Po tym wyciągnął mocą kable z ziemi i rzucił je w stronę uciekających ludzi. Zrobiłam wielkie oczy i chciałam do nich podbiec, ale zamiast tego poczułam, że się unoszę. Spojrzałam na ręce, które wykreowały duże strumienie w palcach i pomogły mi lecieć. Świetnie, kolejna moc do kolekcji. Szybko podleciałam do tej rodziny i wykreowałam za pomocą mocy niebieską tarczę, która zniszczyła niedobry prąd. Zerknęłam na rodzinę i dałam im znak głową, że pora uciekać. Podziękowali mi szybko i uciekli w jakieś bezpieczne miejsce. Szybko odwróciłam głowę w stronę Kevina, który zaczął mnie uderzać kulami energii. Omijałam je jak tylko mogłam robiąc uniki i  starając się przechwytywać te, które leciały w stronę ludzi. Zauważyłam szybko, że jak złapałam jedną kulę, to z czerwonej stawała się niebieska. Czyli potrafię go wyleczyć, warto wiedzieć. Ale zanim zdążyłam to przetrawić, powali mnie na ziemię mocno bijąc po twarzy. Chwyciłam go za ręce i odrzuciłam wiązką energii na sąsiedni budynek. Wstałam zła i trzepałam się minimalnie ze strachu ścierając krew z nosa. 
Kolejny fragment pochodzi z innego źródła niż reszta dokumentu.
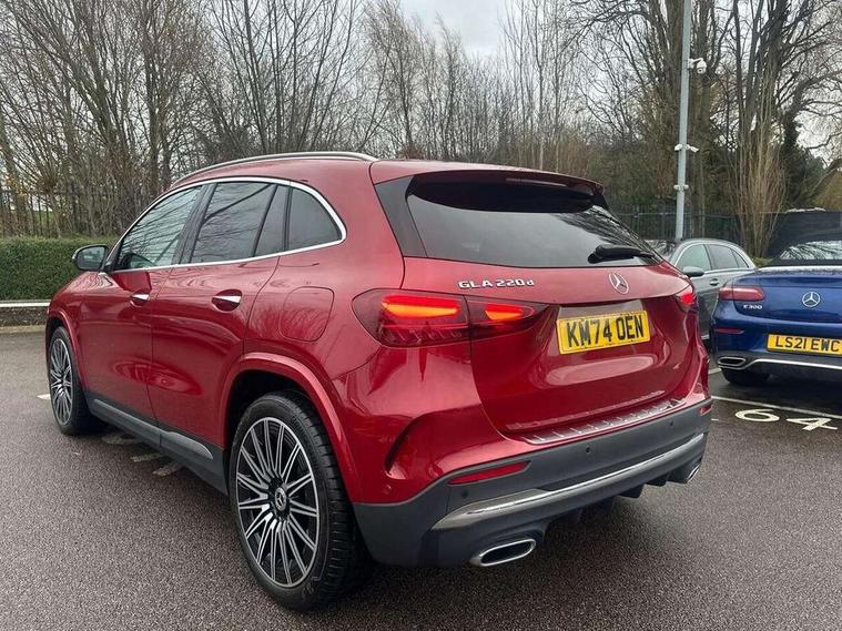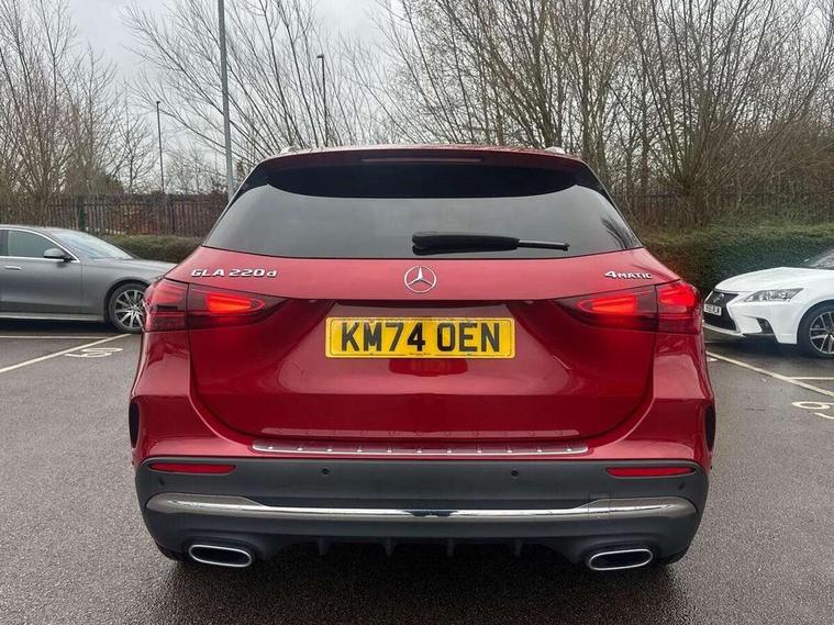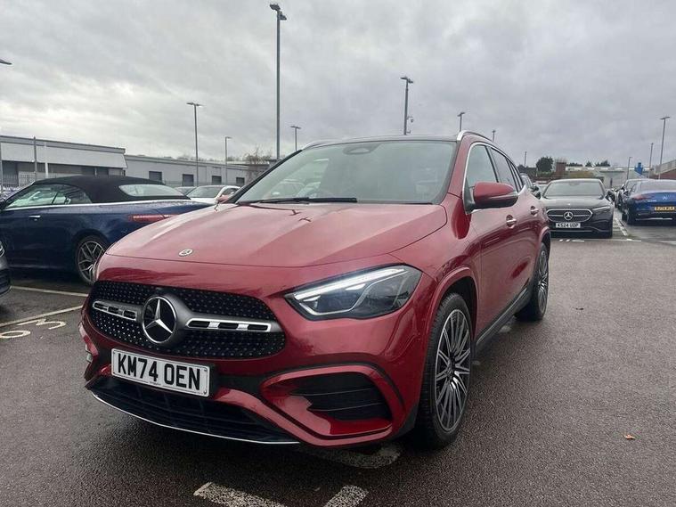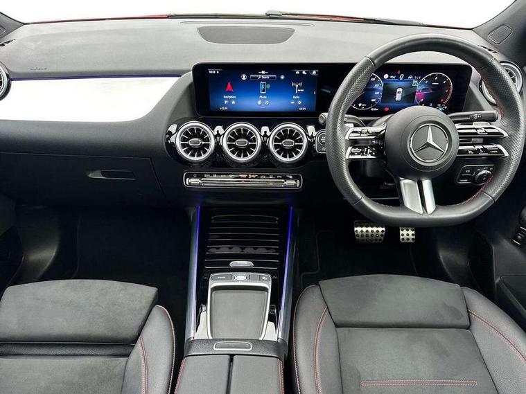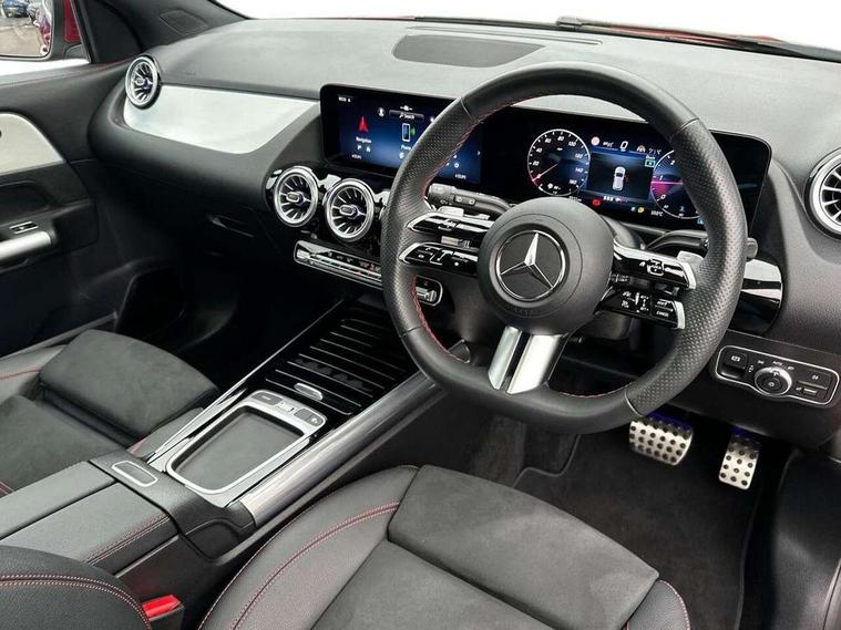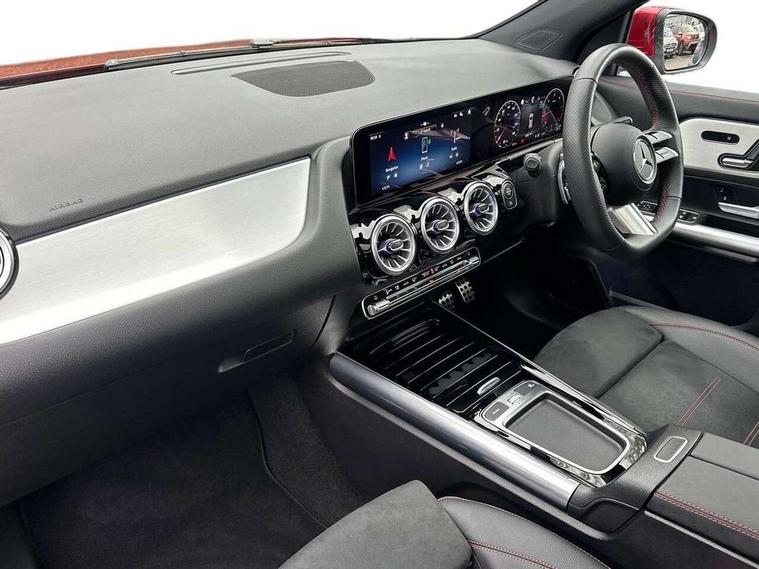 10.25 inch touchscreen central media display, 10.25" Digital instrument cluster display screen, Attention assist, Direct steering, DYNAMIC SELECT with a choice of driving modes (ECO, Comfort, Sport and Individual), Easy-pack tailgate, ECO start/stop function, Fingerprint scanner, Fluid level warning indicator for fuel, oil, coolant and washer fluid, Full color head up display, Hard-disk navigation, Hey Mercedes Voice activation, Lamp failure indicator, Lane keeping assist (LKA), Mercedes me connect including emergency call system, accident recovery, breakdown and maintenance management, Mercedes me remote services, Multi function trip computer, Outside temperature gauge, Owners manual and service booklet in English, Pre-installation of private car share, Radio aerial integrated into front and rear windshields, Service indicator (ASSYST), Smartphone integration with Apple CarPlay and Android auto, Traffic sign assist, Wireless charging, Lowered comfort suspension, Rear axle multi-link, Suspension with adaptive damping system, Bluetooth connectivity including audio streaming, DAB Digital radio, MBUX multimedia system, Mercedes-Benz (225w) sound system with 10 speakers, Adaptive brake lights, Adaptive full LED rear lights with automatic adjustment of light intensity to the surroundings, Aluminium roof rails, AMG front apron with front splitter in the colour of the vehicle with chrome trim element, AMG rear apron with visible tailpipe trim and chrome trim element, AMG specific/dual flow exhaust pipes in chrome (non-functional), Automatic headlamp activation, Beltline trim and window line trim strip in high gloss black, Black grained side sill trim with chrome inlay, Body coloured door handles with chrome insert for keyless entry, Car wash function, Cornering light function with activated high beam, Dark privacy glass from B-pillar backwards, Electric front windows, Electric rear windows, Electrically adjustable and heated door mirrors with integrated LED indicators, Exhaust system with 2 Visible tailpipe trim elements and rear apron with trim in chrome, Heat insulating dark tinted glass, Heated glass rear windscreen + timer control, Illuminated door sill panels with Mercedes-Benz lettering, Interior mirror with black reading lamps and frameless, LED daytime running lights, LED third brake light, Multibeam LED headlamps with adaptive highbeam assist plus, Panoramic sunroof, Rain sensor windscreen wipers, Rear fog lights, Rear side wing doors, Rear wiper, Wheel arch liners in the colour of the vehicle, 3 seat bench in 2nd row, 3 spoke flat bottom multifunction nappa leather steering wheel, 40:20:40 split folding rear seat backrests, Adjustable head restraints, Air conditioning - air vents with silver chrome surround, Air conditioning - Two zone thermotronic luxury automatic climate control with display, AMG floor mats, Auto Mercedes-Benz child seat recognition sensor, Black roof lining, Courtesy light in boot, Electrically adjustable front memory seats with four way lumbar support, Fluorescent jacket, Front centre armrest with stowage, Galvanished gear shift paddles on steering wheel in silver chrome, Heated front seats, Illuminated glovebox, Interior lighting - 64 colour Ambient lighting, Luggage net on driver/front passenger seat backrest, Manually height and reach adjustable steering column, Single front passenger seat, Sports pedals in brushed stainless steel with black rubber studs, Sports seats, Sports steering wheel, Stowage compartment in centre console, Stowage compartment with retractable cover, Sunvisors with illuminated vanity mirrors, Twin front cup holders, Two outer rear seat isofix and top tether child seat fixing points, Comfort seat pack - GLA Class, Driving assistance package - GLA, Interior lighting with light and sight pack - GLA, Keyless go comfort package - GLA, Mirror pack - GLA Class, Night package - GLA, Off road engineering pack - GLA, Parking package with 360-degree camera - GLA, USB package plus - GLA, 3 rear 3 point seatbelts, ABS with Brake Assist, Active bonnet pedestrain safety measure which detects an impact and raises bonnet by 65mm, Active brake assist includes forward collision warning system with autonomous braking, Adaptive brake assist with hold function and hill start assist, Black seatbelts, Bonnet with power domes, Brake pad wear warning indicator, Braking system with larger brake discs on the front axle, Childproof locks manually operated for rear doors and electrically operated for rear power windows, Crash responsive emergency lighting, Driver and passenger head and side airbags, Drivers knee airbag, Dual stage driver/passenger airbags, Electronic parking brake, ESP curve dynamic assist, ESP with ASR, Exit warning, Front and rear seatbelt reminder, Front brake callipers with Mercedes Benz logo lettering on front, Front brake discs internally ventilated and perforated, Front passenger seat occupancy sensor, Sports braking system, Tyre pressure monitoring system, Warning triangle and first aid kit, Window airbags, Alarm system with immobiliser and interior protection -Thatcham category 1, Guard 360 degree vehicle protection, Keyless Go starting function, Remote central locking and crash sensor with emergency opening function, Light longitudinal grain aluminium trim, 20" AMG multi spoke light alloy wheels aerodynamically optimised and painted in black with a high-sheen rim flangle RVT, Summer tyres, Tirefit tyre sealant kit,

 - Poddaj się lepiej, Sandra. Nigdy nie wygrasz ze mną w pojedynkę. - rzekł złowieszczy wylatując z budynku - Nie masz aż tyle energii w sobie, by mnie pokonać. 

 Zaczęłam gorączkowo myśleć, by coś zrobić, ale zauważyłam koło siebie nadlatującą maszynę i poczułam w sobie minimalnie większą energię niż zawsze. I to bardzo znajomą. Uśmiechnęłam się do siebie delikatnie, by nie zauważył i spojrzałam na niego.

 - Może masz rację. Jestem jeszcze słaba, a energia we mnie powoli wygasa. Czuję to z każdym ruchem mięśnia. Ale przypomnę ci coś. Pamiętasz jak w biurze byłeś zawsze zdzwiony, kiedy wyrabiałam się ze wszystkim. Odpowiadałam wtedy....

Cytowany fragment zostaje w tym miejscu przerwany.